Audra McDonald – winner of a record-breaking six Tony Awards, two Grammy Awards, and an Emmy Award, named one of Time magazine’s 100 most influential people in 2015, and a recipient of the National Medal of Arts from President Barack Obama – will star as Rose in a new Broadway production of Gypsy, taking on what is widely regarded as the greatest role in musical theater. The upcoming revival will be directed by legendary five-time Tony Award-winning director George C. Wolfe. Gypsy features a book by Tony Award winner Arthur Laurents, music by Tony and Academy Award winner Jule Styne, and lyrics by Tony, Grammy, Academy Award, and Pulitzer Prize winner Stephen Sondheim. Producers are Tom Kirdahy, Mara Isaacs, Kevin Ryan, Diane Scott Carter, Peter May, and Thomas M. Neff. Choreography will be by four-time Tony Award nominated Camille A. Brown. Additional casting and creative team members will be announced at a later date.

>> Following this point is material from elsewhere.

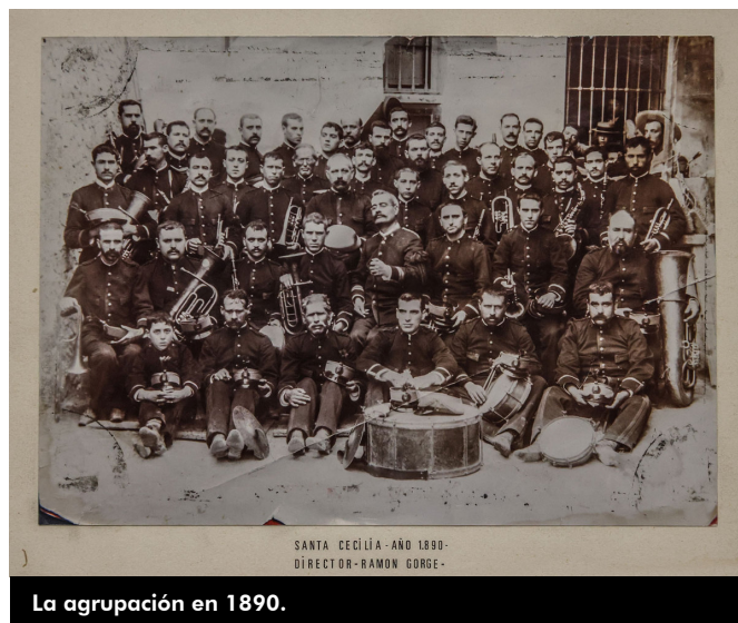
La agrupación en 1890.

Performances will begin November 21, 2024 at Broadway’s newly renovated Majestic Theatre, with an opening date of December 19, 2024. Watch a teaser trailer for the production below. Tickets go on sale May 30 via telecharge.com.
The New York Times declares that “Audra McDonald has become to the American theater what Meryl Streep is to film – a star of unstinting polish and versatility. Ms. McDonald embosses any production in which she appears with a good-value guarantee.” Gypsy reunites her with “titan of the American theatre” (New Yorker) George C. Wolfe, after their collaboration on the 2016 Tony-nominated production of Shuffle Along, or, The Making of the Musical Sensation of 1921 and All That Followed.
Playing the role of Rose in Gypsy, McDonald joins an illustrious roster that includes some of the greatest performers in Broadway history. Since Ethel Merman starred in the 1959 Broadway premiere, the role has been played by Angela Lansbury in 1974, Tyne Daly in 1989, Bernadette Peters in 2003, and Patti LuPone in 2008. After the premiere, Kenneth Tynan raved in the New Yorker that the show “tapers off from perfection in the first act to mere brilliance in the second.” In 1974, Clive Barnes wrote in the New York Times: “Everything about Gypsy is right. The Jule Styne score has a lilt and a surprise to it. The music bounces out of the pit, assertive, confident, and cocky, and has a love affair with Stephen Sondheim’s elegantly paced, daringly phrased lyrics. And then there is the book by Arthur Laurents. Rose is possibly one of the few truly complex characters in the American musical.” Frank Rich’s 1989 New York Times review, calling the show “Broadway’s own brassy, unlikely answer to King Lear,” added: “It cannot be done without a powerhouse performance in its marathon parental role.”